Among the entries below, find the line with "Bagi Anda yang" and the line with "O sítio está". Return exactly those lines and every line between them, but no pictures.

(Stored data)

--- START ---

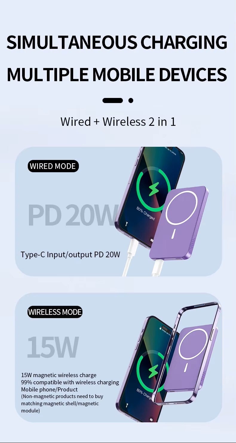 Geef je telefoon supersnelle stroom met deze ultradunne magnetische power bank! Perfect voor de iPhone 16, 15, Samsung en andere Qi-compatibele toestellen. Met 5000mAh capaciteit, draadloos opladen (tot 15W) en een handig LED-lampje, is deze power bank ideaal voor onderweg, op reis of dagelijks gebruik.
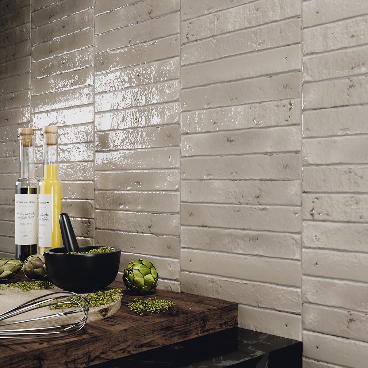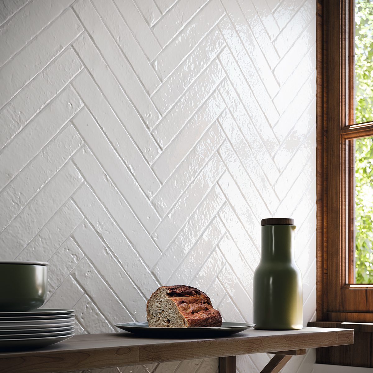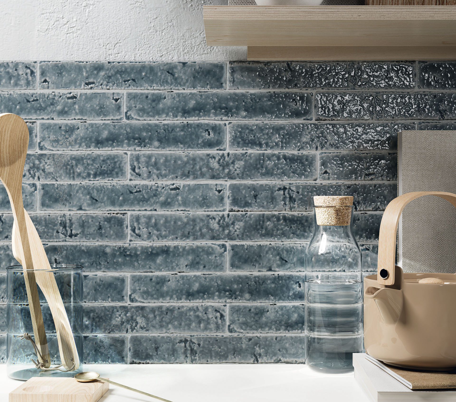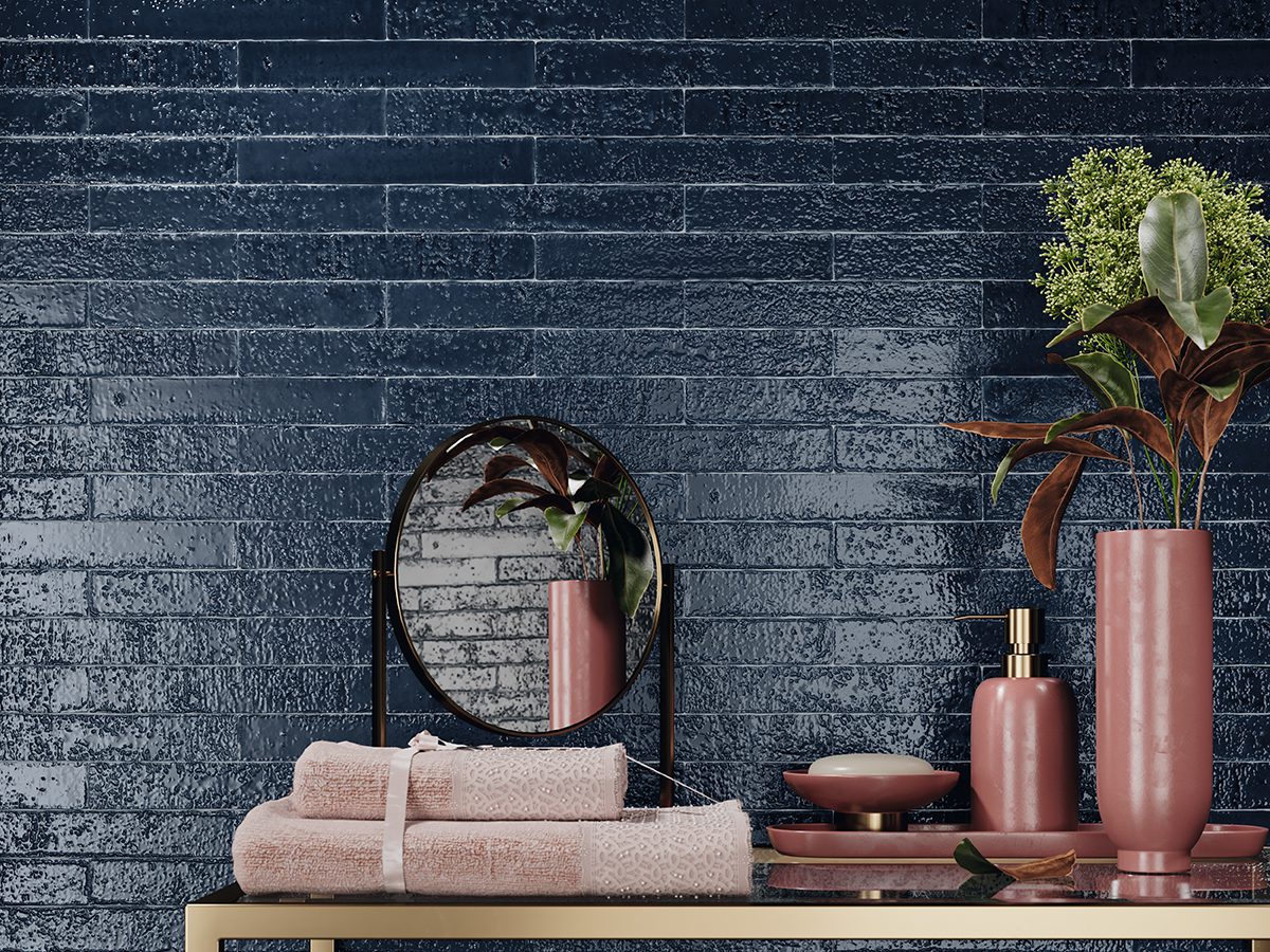 Azulejo de efecto Zellige en formato 3,8×23,5 cm de estilo wabi-sabi Cada color presenta nueve superficies diferentes, de aspecto muy irregular y desgastado, que crean un intencionado contraste de tonos y relieve entre las piezas. Hay veintiún colores diferentes en tres tipos de acabado: brillo, mate y craquelado. Descubra la belleza de la imperfección.
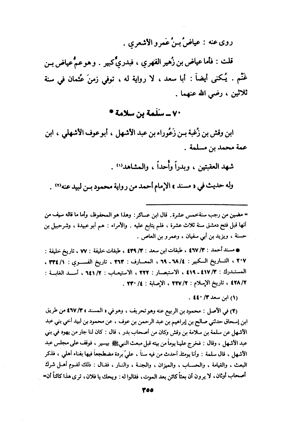 70 - سَلَمَةُ بنُ سَلاَمَةَ بنِ وَقْشِ بنِ زُغْبَةَ الأَشْهَلِيُّ *
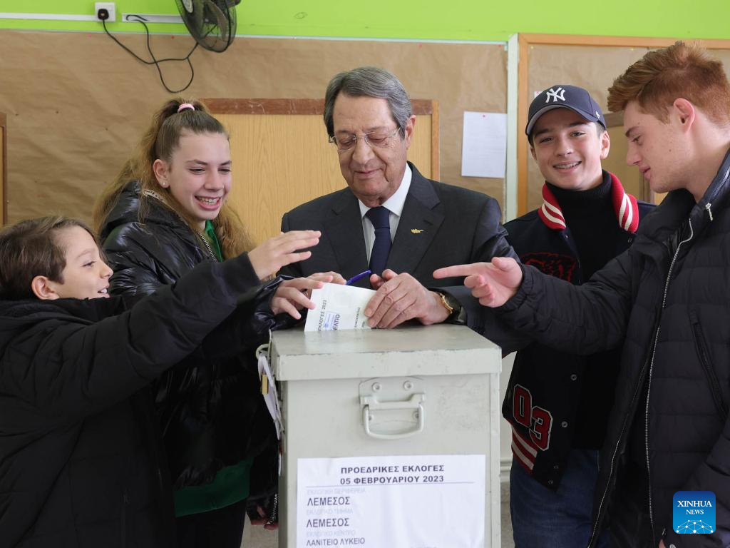 Cyprus' outgoing President Nicos Anastasiades (C) votes at a polling station in Limassol, Cyprus, Feb. 5, 2023. Former Cypriot Foreign Minister Nicos Christodoulides took the lead in Cyprus' presidential election on Sunday, and will face off with Andreas Mavroyiannis, who came second, in a runoff on Feb. 12. (PIO/Handout via Xinhua)
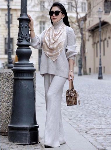 Bagi Anda yang suka mengenakan fashion item berbahan rajut, mungkin bisa mencontek gaya Syahrini yang satu ini. Kali ini, dia memadukan atasan sweater krem abu-abu dan celana longgar dengan tone warna dan bahan yang hampir sama. Agar tak tampak polos, dia memadukannya dengan scarf bermotif, serta tas mungil dari Fendi seharga Rp22,7 juta.
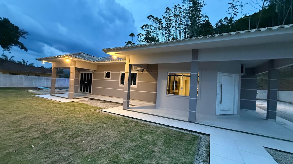 O sítio está localizado na Grande Florianópolis/SC, na àrea rural de Biguaçu, em Três Riachos. Casa climatizada, com varandão. Sala e cozinha conjugadas com pé direito duplo, lareira, churrasqueira e fogão a lenha, 4 quartos sendo 1 suíte. Lavanderia, garagem coberta p/ 2 carros e área de jogos c/ sinuca, pebolim e hockey. Parque infantil, quadra poliesportiva iluminada, piscina, 3 baias para cavalos, torre mirante para a paisagem, riacho natural, lago com carpas e árvores frutíferas.
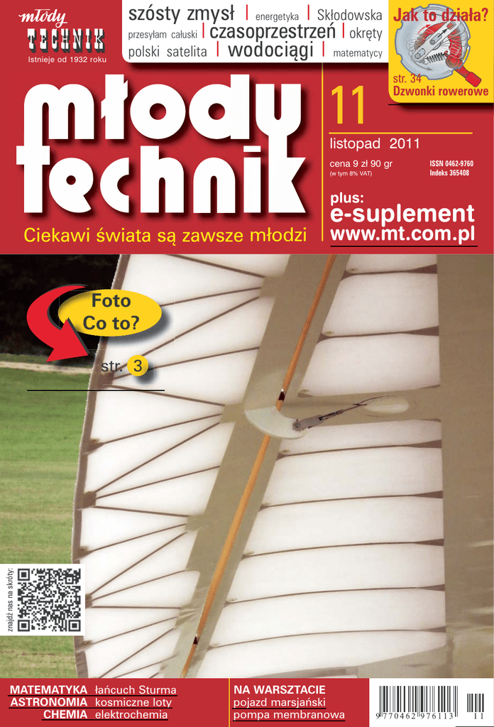 Istnieje od 1932 roku szósty zmys I energetyka I Skodowska Jak to dziaa? przesyam causki I czasoprzestrze I okrty polski satelita I wodocigi I matematycy 11 str. 34 Dzwonki rowerowe listopad 2011 cena 9 z 90 gr (w tym 8% VAT) ISSN 0462-9760 Indeks 365408 plus: Ciekawi wiata s zawsze modzi e-suplement www.mt.com.pl Foto Co to? znajd nas na skróty: str. 3 MATEMATYKA acuch Sturma ASTRONOMIA kosmiczne loty CHEMIA elektrochemia NA WARSZTACIE pojazd marsjaski pompa membranowa z Miesięcznik „Młody Technik” (12 numerów w roku) wydawany przez Wydawnictwo AVT z Adres wydawnictwa: 03-197 Warszawa, ul. Leszczynowa 11, tel.: 022 257 84 99, faks: 022 257 84 00, e-mail: [email protected] http://www.avt.pl z Dyrektor wydawnictwa AVT: Wiesław Marciniak z Kontakt do Redakcji: tel.: 022 257 84 10, e-mail: [email protected] http://www.mt.com.pl z Redaktor Naczelny: Adam Dębowski e-mail: [email protected] z Sekretarz Redakcji: Wisława Karolewska e-mail: [email protected] z Redaktor: Monika Witan e-mail: [email protected] z Dział Reklamy: Ewa Owczarek tel.: 022 257 84 87 faks: 022 257 84 32 e-mail: [email protected] z Dział Prenumeraty: tel.: 022 257 84 22 faks: 022 257 84 00 e-mail: [email protected] z Stale współpracują: Stanisław Bajtlik, Jan Boratyński, Jerzy I. Chmielewski, Paweł Dejnak, Alvar Hansen, Piotr Kawalerowicz, Juliusz Konczalski, Adam Łowicki, Magdalena Michalska, W listopadowym numerze Młodego Technika nie brakuje tematyki astronautycznej. Polecam artykuł „Lem w Kosmosie” o pierwszym polskim mikrosatelicie. Jest on elementem pierwszego polskiego programu satelitarnego noszącego nazwę BRITE-PL. Polska część programu obejmuje budowę dwóch bliźniaczych satelitów, których nazwy zostały wybrane w drodze konkursu internetowego. Wybrano nazwy Lem i Heweliusz, na cześć pisarza Stanisława Lema i gdańskiego astronoma Jana Heweliusza. Tematyka astronautyczna powraca jeszcze w jednym z artykułów działu „Na Warsztacie” poświęconemu projektowi pojazdu marsjańskiego, który powstał we Wrocławiu. W chwili obecnej większość projektów „marsjańskich” trwa w zwieszeniu i nieznane są ich przyszłe losy, ale i tak cieszymy się z sukcesów zespołu Politechniki Wrocławskiej, traktując projekt jako temat do budowy modelu kartonowego. JEDNĄ NOGĄ W KOSMOSIE Mimo obfitości tematyki kosmicznej w tym numerze, a może właśnie dla jej podkreślenia, chciałbym w tym miejscu zwrócić uwagę na inny ciekawy eksperyment odbywający się obecnie na Międzynarodowej Stacji Kosmicznej. Eksperyment, który umknął uwadze mediów. Mianowicie, po dziesięciu latach pracy nad prototypami na Ziemi wysłano na orbitę humanoidalnego robota. Po półrocznym oczekiwaniu (dostarczono go na stację na początku tego roku) przyszedł czas na jego uruchomienie. Robot R2 ma tors, dwie ręce z dłońmi o pięciu palcach i głowę. Nie zabrano na orbitę nóg, robot jest zamocowany do nieruchomej podstawy. NASA pokłada duże nadzieje w projektach robotów humanoidalnych. Naukowcy i inżynierowie twierdzą, że robot dzięki dłoni przypominającej ludzką będzie mógł korzystać z dokładnie tych samych narzędzi co astronauci, a to ułatwi planowanie zadań dla niego. Będzie też mógł wykonywać prace konserwacyjne urządzeń, których ergonomia jest dostosowana do ludzkiej budowy. Po prostu dostosuje się do otoczenia. W chwili obecnej trwa wstępny rozruch, robot próbuje właśnie rozruszać po długiej podróży i leżakowaniu swoje ramiona, o czym donosi... na swoim profilu na Facebooku. Profil społecznościowy robota jest w tej chwili najaktualniejszym źródłem informacji i zdjęć ze stacji kosmicznej. A co dalej? Biorąc pod uwagę ludzkie kształty robota, jeden z projektów na przyszłość wydaje się odrobinę makabryczny. Przewiduje dostarczenie na orbitę… jednej nogi. Ma to tymczasowo wystarczyć do pierwszych prób poruszania się robota w nieważkości. Sergiusz Mitin, Krzysztof Orliński, Zdzisław Podbielski, Stefan Sękowski, Tomasz Sowiński, Adam Dębowski Redaktor Naczelny Michał Stępień, Michał Szurek, Bronisława Średniawa, Kazimierz Topór, Marek Utkin. z Rysunki: Piotr Kanarek, Adam Łowicki, Tomasz Paleczny, Jacek Wardęcki. z Skład: Jacek Wardęcki e-mail: [email protected] z Konsultacja graficzna: Małgorzata Jabłońska Redakcja nie ponosi odpowiedzialności za treści reklam i ogłoszeń zamieszczonych w numerze z Druk: gallery one 70g UWAGA SZKOŁY, NAUCZYCIELE I UCZNIOWIE! Miesięcznik Młody Technik jest dostępny dla szkół podstawowych, gimnazjalnych i średnich w prenumeracie sponsorowanej przez Ministerstwo Nauki i Szkolnictwa Wyższego. W roku 2011 szkoły opłacają 40% kosztów prenumeraty Młodego Technika. Dzięki tej prenumeracie Młody Technik trafia prawie do każdej biblioteki szkolnej, co oznacza, że jest czytany przez kilkaset tysięcy uczniów szkół ponadpodstawowych i podstawowych. Specjalnie dla naszych młodych Czytelników – uczniów tych szkół – stosujemy dwa ułatwienia: – w poszczególnych artykułach zamieszczamy leksykon trudniejszych pojęć – oznaczamy stopień trudności artykułu, przy czym jeden punkt oznacza, że artykuł powinni zrozumieć uczniowie szkół podstawowych, dwa punkty odpowiadają poziomowi uczniów gimnazjum, trzy punkty – poziom szkoły średniej. spis treci 16 11/2011 Dzieje krakowskich wodocigów W Krakowie od zawsze wod pitn czerpano z rzek i ze studni. Pierwsz znan inwestycj wodocigow, jeszcze pod koniec rozbicia dzielnicowego (prawdopodobnie okoo 1286 roku), byy akwedukty, czyli otwarte sztuczne kanay zbudowane przez klasztor Dominikanów, doprowadzajce wod z Rudawy, z Mydlnik do miasta. Z latami system rozbudowywano. E C H N I K 24 „Urodziam si w Warszawie…” Maria Salomea Skodowska urodzia si 7 listopada 1867 roku w Warszawie jako ostatnie, pite dziecko Wadysawa i Bronisawy. Rodzice przyszej noblistki byli znanymi warszawskimi nauczycielami. Gd

--- END ---

> ANSWER FOR THE TASK:
 Bagi Anda yang suka mengenakan fashion item berbahan rajut, mungkin bisa mencontek gaya Syahrini yang satu ini. Kali ini, dia memadukan atasan sweater krem abu-abu dan celana longgar dengan tone warna dan bahan yang hampir sama. Agar tak tampak polos, dia memadukannya dengan scarf bermotif, serta tas mungil dari Fendi seharga Rp22,7 juta.
 O sítio está localizado na Grande Florianópolis/SC, na àrea rural de Biguaçu, em Três Riachos. Casa climatizada, com varandão. Sala e cozinha conjugadas com pé direito duplo, lareira, churrasqueira e fogão a lenha, 4 quartos sendo 1 suíte. Lavanderia, garagem coberta p/ 2 carros e área de jogos c/ sinuca, pebolim e hockey. Parque infantil, quadra poliesportiva iluminada, piscina, 3 baias para cavalos, torre mirante para a paisagem, riacho natural, lago com carpas e árvores frutíferas.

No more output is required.